1. **Memory leaks manifest gradually** - Need trend monitoring, not just thresholds
2. **Vendor updates can introduce regressions** - Staged rollout with monitoring
3. **Circuit breakers at every layer** - Even connection poolers need protection
4. **Specialist expertise matters** - Database incidents need database experts

## Metrics

| Metric | Value | Target |
|--------|-------|--------|
| Time to Detect | 1 min | &lt;2 min ✓ |
| Time to Failover | 12 min | &lt;10 min ✗ |
| Time to Resolve | 17 min | &lt;15 min ✗ |
| Customer Communication | 5 min | &lt;5 min ✓ |

Key Insights:

Complex root cause: External vendor bug + insufficient monitoring
Used Fishbone diagram for multi-factor analysis
6 action items spanning detection, prevention, and mitigation
Process improvements around on-call expertise

Postmortem: API Response Time Spike

Incident: INC-20240118-0023 (SEV3, 2 hours, 45 users affected)Analysis Focus: Pattern Recognition

# Postmortem: API Response Time Degradation

**Incident ID**: INC-20240118-0023
**Severity**: SEV3
**Duration**: 2 hours (slow mitigation)

## Root Cause

N+1 query pattern introduced in the workflow listing endpoint during a 
pagination refactor. Each workflow loaded its execution history in a 
separate query, resulting in hundreds of queries per page load.

## Pattern Recognition

This is the **third N+1 query incident in 6 months**:

1. INC-20231015-0008: User listing endpoint
2. INC-20231201-0019: Organization dashboard
3. INC-20240118-0023: Workflow listing (current)
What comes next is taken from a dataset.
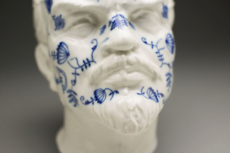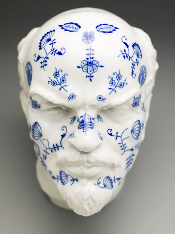 An unfamiliar merging of two memorable entities from Valcovsky’s childhood within the Czechoslovak Socialist Republic, the delft — or ‘blue onion’ — pattern sits awkwardly on the iconic bust, as though tattooed. ‘Ornament & Crime’ hints at how an infamous icon can become remarkably commonplace and ornamental in universal usage, Lenin’s fearsome reputation distilled down to a decorative element that sits alongside the earthenware upon a mantlepiece. The title is a tongue-in-gesture to the work of Adolf Loos, deriving from his 1910 lecture that attacked ornamental works of art in modern society.

**Common Pattern**: Code reviews missed performance implications of ORM 
queries during pagination refactors.

## Root Cause (Organizational)

While the technical root cause is the N+1 query, the **organizational root 
cause** is the absence of query performance review in our code review 
checklist and lack of automated detection.

## Action Items

| ID | Type | Description | Owner | Priority |
|----|------|-------------|-------|----------|
| AI-001 | detect | Add query count monitoring per endpoint | @platform | P1 |
| AI-002 | prevent | Add ORM query checklist to PR template | @eng-mgr | P1 |
| AI-003 | prevent | Implement query count lint rule in CI | @platform | P0 |
| AI-004 | prevent | Review all listing endpoints for N+1 | @backend | P2 |
| AI-005 | process | Schedule quarterly ORM training | @eng-mgr | P2 |

## Lessons Learned

1. **Recurring patterns need systemic fixes** - Individual fixes aren't enough
2. **Automated detection > manual review** - Humans miss things under pressure
3. **Query performance isn't obvious** - ORM abstraction hides performance
4. **Training matters** - Team needs ongoing education on performance patterns

## Related Incidents

- INC-20231015-0008: N+1 in user listing (SEV3)
- INC-20231201-0019: N+1 in org dashboard (SEV3)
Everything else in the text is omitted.